SNSにおける他人の著作物である写真の画像を含む投稿により,同画像が,著作者名の表示が切除された形で同投稿に係るウェブページの閲覧者の端末に表示された場合に,当該表示画像をクリックすれば元の画像を見ることができるとしても,同投稿をした者が著作者名を表示したことにはならないとされた事例

1. 権利侵害と認定した理由と問題点

職業写真家である被上告人(原告)が、著作者である被上告人の名前が表示されている本件写真を自己が運営するウェブサイトに掲載しました。
そして、あるユーザーが被上告人に無断で本件写真の画像ファイルを含むツイートをし、別のユーザーがそのツイートをリツイートしました。
リツイートでは、本件写真の隅に表示されていた「©著作者名」がツイッターのシステムによるインラインリンクの設定によりカットされていました。
そのため、最高裁は、「著作者の氏名を表示する権利」(氏名表示権 著作権法19条1項)を侵害すると認定した知財高裁判決を支持しました。

本件の問題点の1つは、リツイートされた画像をクリックすれば、著作者名は表示されるので、権利侵害と言えないのではないか(著作権法19条2項)という点です。
この点について、最高裁は、クリックしない限り、著作者名の表示を目にすることはなく、ユーザーは必ずしもクリックするものではないから、リツイートにより著作者名の表示がカットされている以上、そのリツイートをした人は、著作者の氏名表示権(著作権法19条1項)を侵害している、と判断しました。理屈としてはシンプルでとてもわかりやすいです。

また、著作者名の表示がカットされたのは、リツイートした人の意図によるものではなく、ツイッターのシステムの仕様によるものでした。
そのため、リツイートした人に法的責任を負わせてよいのか?という問題点があります。
この辺りの詳細は、最高裁判決に対する林景一裁判官の反対意見や戸倉三郎裁判長裁判官の補足意見がとても参考になります(興味のある方のために後に引用します。)。

最後に、本件は著作権侵害訴訟ではなく、発信者情報開示請求事件であるため、リツイートした人は訴訟当事者になれず、意見を述べる機会が与えられていません。

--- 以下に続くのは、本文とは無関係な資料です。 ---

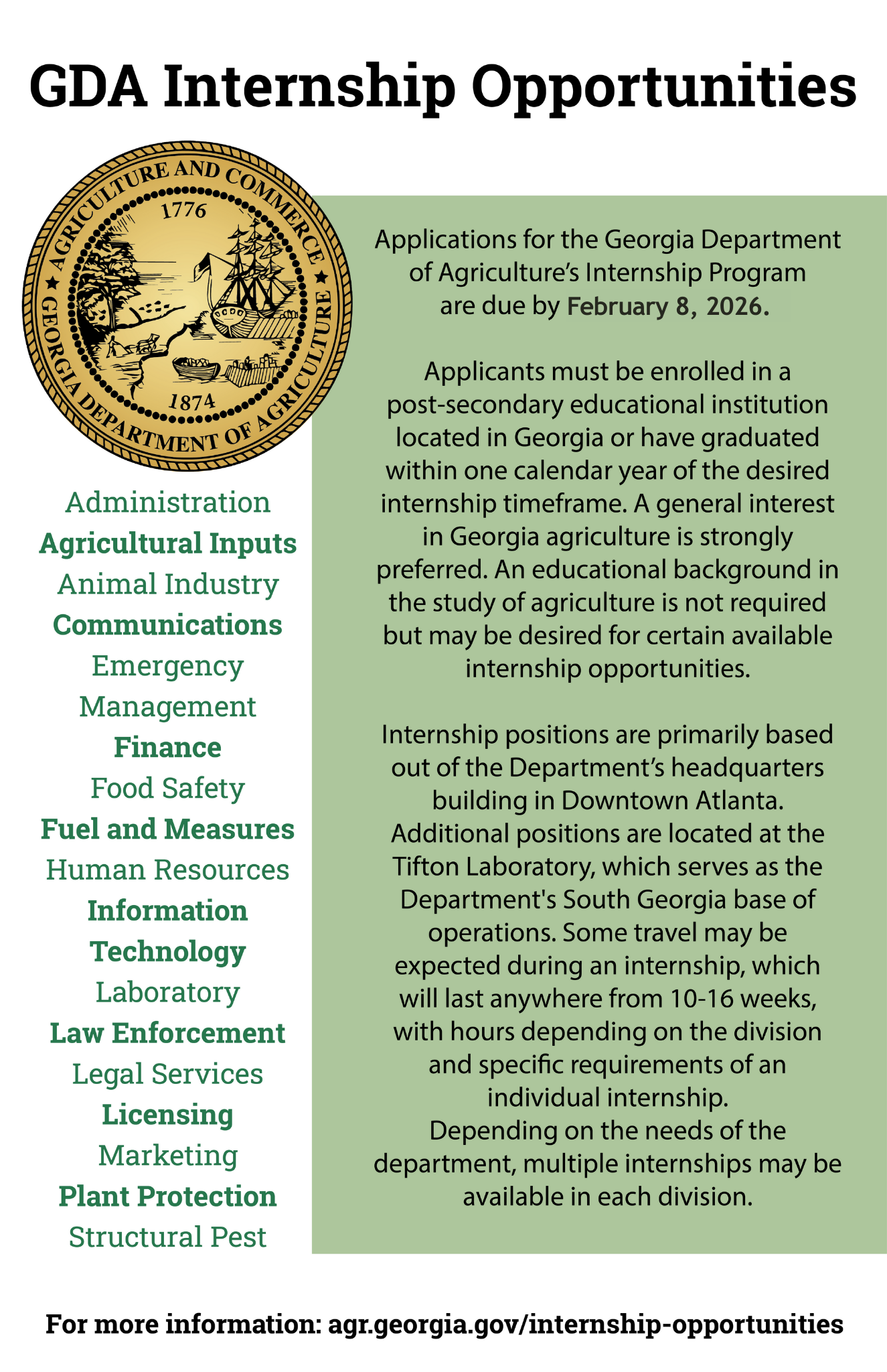 The Georgia Department of Agriculture has hosted dozens of interns in various sections within the Department’s oversight. These students come from several Georgia universities and colleges, studying majors both directly and indirectly related to agriculture. The Department looks forward to expanding and promoting its internship program. Students who are interested in a possible internship opportunity with the Department can learn more from our Internship FAQ.

訴訟当事者は、リツイートした人ではなく、システムを提供したことによる責任を問われかねないツイッターを運営する米国法人でした。
最高裁が権利侵害であると認定したことの影響は、今後リツイートした人が被告として提起されるであろう著作権侵害訴訟にも影響を与えるでしょう。

2. リツイート等SNSで投稿する際のポイント

現段階で、画像や写真をSNSで投稿(ツイート、リツイート等)する際は、

① 著作者・著作権者の確認をし、不明である場合はむやみに投稿しない。

② (インラインリンクの設定により一部削除されるおそれがあることから)ツイートされた画像等に氏名が表示されているものについては、著作者名についてコメントを付けてリツイートする(戸倉三郎裁判長裁判官の補足意見参照)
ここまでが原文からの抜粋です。